このビジョンを支える取り組みは多方面に広がっています。2026年2月には訪日外国人向け観光情報サービス「LIVE JAPAN PERFECT GUIDE TOKYO」にAI音声プラットフォームのCoeFontを参画させ、インバウンド層への多言語対応と行動ログ取得を強化しました。同月には福井県南越前町と「地域活性化起業人制度」による人的派遣の協定を締結し、地方創生や一次産業の支援にも取り組んでいます。バイオ炭を施用した環境配慮型の「若松潮風キャベツ」のメニューフェアやWOWOWのドラマとのコラボ企画など、多様なコンテンツを通じた食のプロデュースも展開しています。さらに2026年2月には、飲食店をメディアとして活用する体験型メディア「ミセメディア」のサービスアップデートも実施しました。

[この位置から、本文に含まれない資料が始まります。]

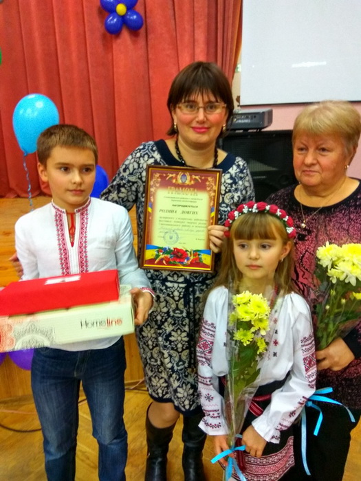 Щиро вітаємо творчу родину Довгих, діти якої навчаються у СЗШ № 215 – в 6–А та 1–В класах, з перемогою у номінації «Родинне вміння з покоління в покоління». Зичимо переможцям родинного затишку, благополуччя і миру!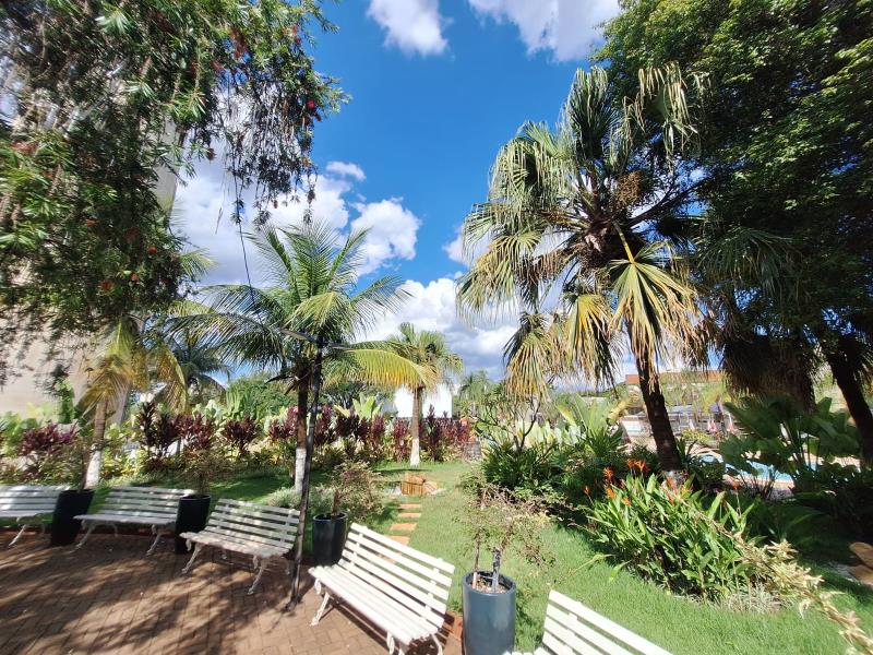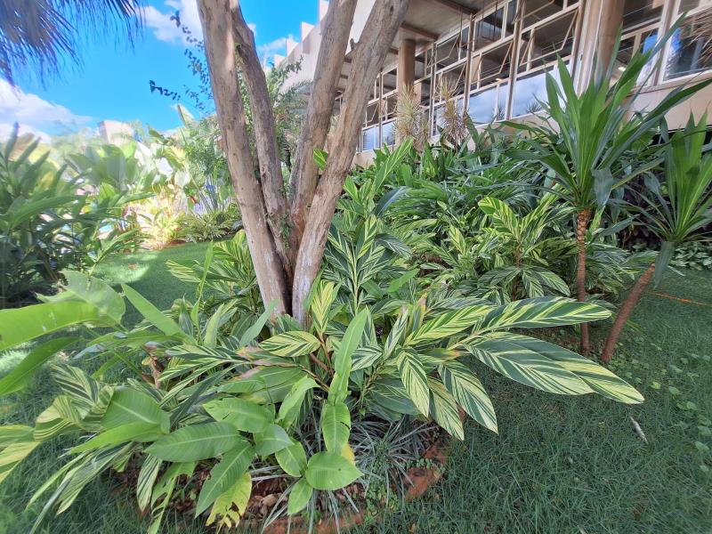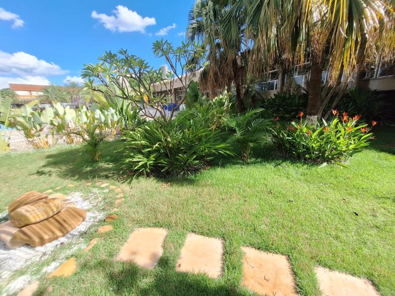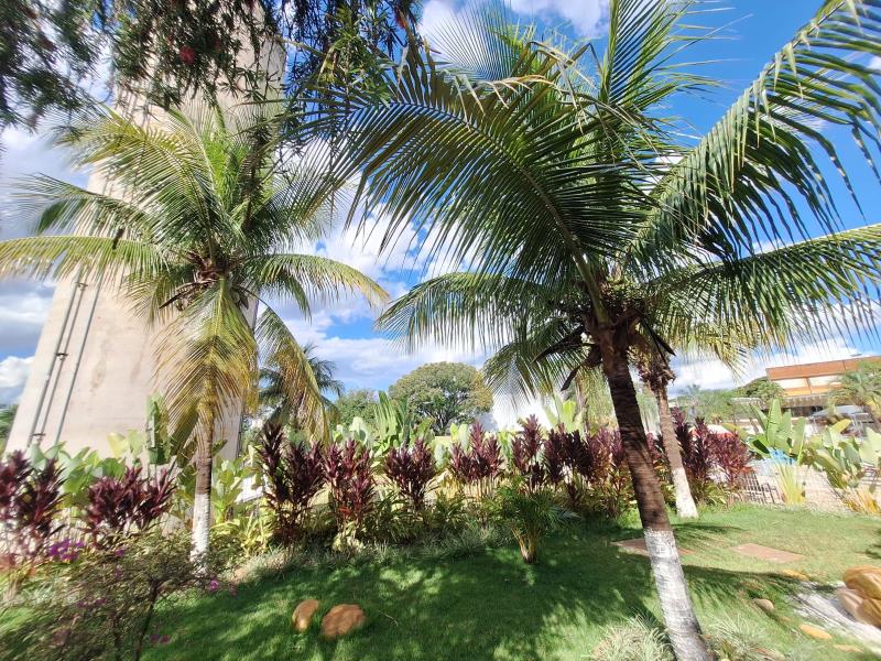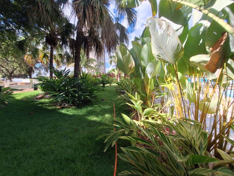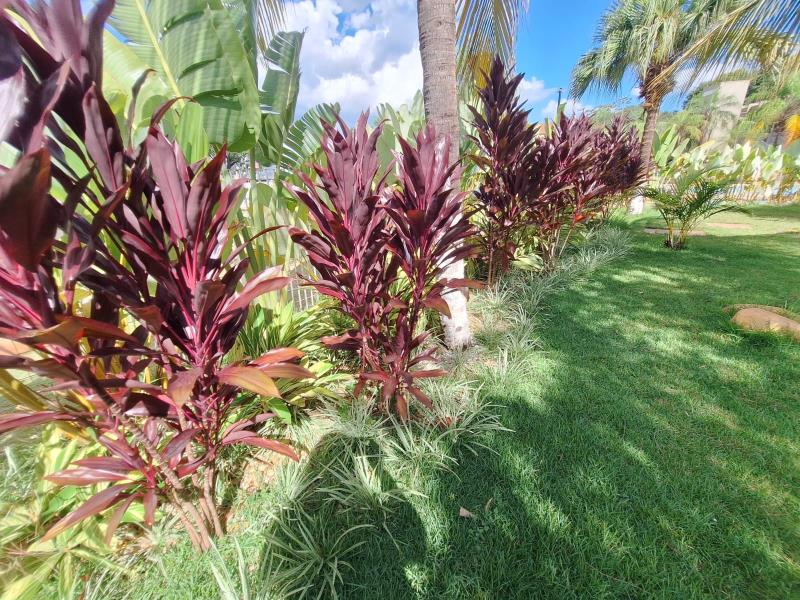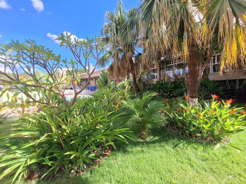 El jardín, de unos 300 metros cuadrados, está situado entre la escuela y el club asociado a la institución. Antes de la intervención paisajística, el lugar presentaba un escenario bastante limitado: solo había césped ralo y algunas palmeras altas remanentes de la época de la construcción, sin composición vegetal ni estructura que valorizara el espacio.

インバウンド支援、地域活性化、一次産業との連携、メディア事業、そして直営ドーナツ店を通じたリテール体験から得られる多種多様な「サービス業のログ」は、ぐるなびという一つの巨大なデータ基盤に集約されていきます。これらのデータをAIで横断的に解析し、飲食店にはより確度の高い集客・経営支援を提供し、消費者には「UMAME!」を通じたセレンディピティに満ちた外食体験を届けるという、独自の食のエコシステム構築が同社の描く未来です。
ぐるなびのドーナツ事業参入が示す外食産業の未来
ぐるなびによる『SILK AND ILY DONUT』の立ち上げは、スイーツ市場での一時的な収益獲得や話題作りではありません。年平均4.6%で成長するグローバル市場と第3次ドーナツブームという追い風を冷静に捉えた上で実行された、多層的な経営戦略の具現化です。
店舗開発事業の集大成として実店舗運営のノウハウを内製化し、「飲食店経営サポート企業」としての実力を証明する布石であること。AIアプリ「UMAME!」やモバイルオーダー、CRMといった自社ITソリューションの精度を高めるための高解像度な顧客行動データを取得する実証実験環境であること。そして消費者の「職住近接エリアにおける日常のご褒美需要」や「国産素材の再評価・健康志向」に対し、SILKとILYというデュアルプロダクト戦略で応える洗練されたブランドであること。これら3つの側面が重なり合うことで、ドーナツ事業はぐるなびの企業変革を象徴する存在となっています。
1996年の創業以来、日本の外食情報インフラを支えてきたぐるなびは、情報を仲介するプラットフォーマーから、自らリスクを取って食体験を創造し、そこから得たデータとテクノロジーを外食産業全体に還元する「総合的なエコシステム・ビルダー」へと進化しようとしています。ドーナツという日常的な円環の中に、同社が描く次世代の飲食ビジネスの未来図が凝縮されているといえるでしょう。